Despite these positive developments in integrating modalities, there has been much less success in integrating the concepts that guide our thinking on the issue, particularly the concepts of treatment and harm reduction. In fact, by highlighting these as separate concepts, treatment and harm reduction are often defined in opposition to each other, and hence it's no surprise that some people see the modalities as opposing each other too.

Yet the concepts bleed into each other, and into the concept of prevention, in both theory and fact. For example, we know that attendance at Insite is associated with increased uptake of detoxification and addiction treatment, so it's clear that a harm reduction measure can lead to treatment.

But there is more to it than that. It's often not possible to even define where harm reduction ends and treatment begins. The problem here is that "treatment" is rarely defined, but there is often a suppressed premise in arguments against harm reduction that treatment begins and ends with abstinence -- with "curing" the disease.

Yet modern medicine recognizes that some diseases are chronic and will need lifelong treatment. And that treatment includes various interventions that improve the health of patients while failing to cure them.

If we similarly define "addiction treatment" as anything that improves the health of the addict, then harm reduction measures, including Insite, would fall under the rubric of treatment.

The United Nations Office on Drugs and Crime, which has not always been supportive of harm reduction, noted as much in a 2002 report: If "the purpose of treatment is not only to cure a pathology, but also to reduce the suffering associated with it (like in severe pain-management), then reducing IV drug abusers' exposure to pathogen agents often associated with their abuse patterns (like those causing HIV-AIDS, or Hepatitis B) should perhaps be considered as treatment."
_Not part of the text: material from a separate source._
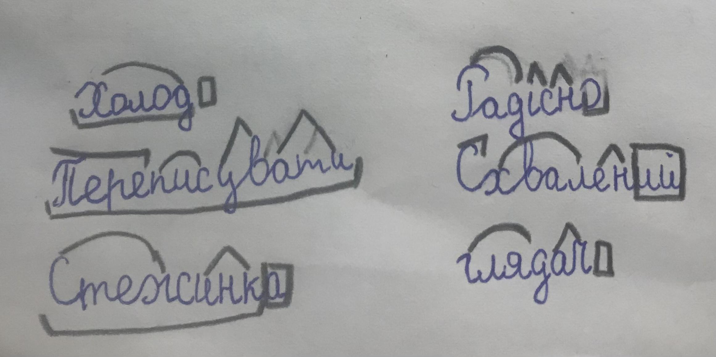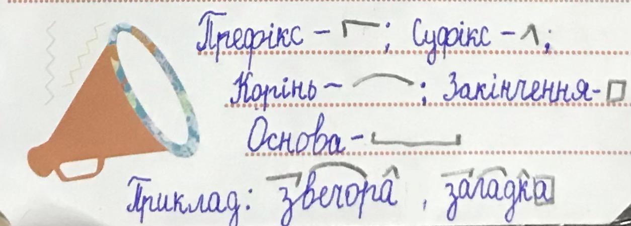 На першому фото показано, як що позначається. На другому - розібрані за будовою слова.

The mention of pathogens is important because it reveals that there is no sharp distinction between harm reduction and prevention, either. For if Insite reduces the transmission of blood-borne infections, then it is acting as a powerful agent in preventing the spread of disease. Treatment can also act as a form of prevention, as highly active anti-retroviral therapy (HAART) renders HIV-AIDS patients less infectious and thereby helps prevent transmission of the virus.

All of this suggests that by treating prevention, treatment and harm reduction as separate concepts, we are making false distinctions. It is now time to move beyond this way of thinking, and to fully integrate the concepts we use in addressing substance abuse.

And this is why Justice Pitfield's judgment is so important. While Pitfield did not declare Insite a form of treatment because it didn't involve "using controlled substances as an antidote for an illness," his recognition that Insite is a form of health care should helps us to move from four pillars to just one -- that which improves the health of Canada's most vulnerable citizens.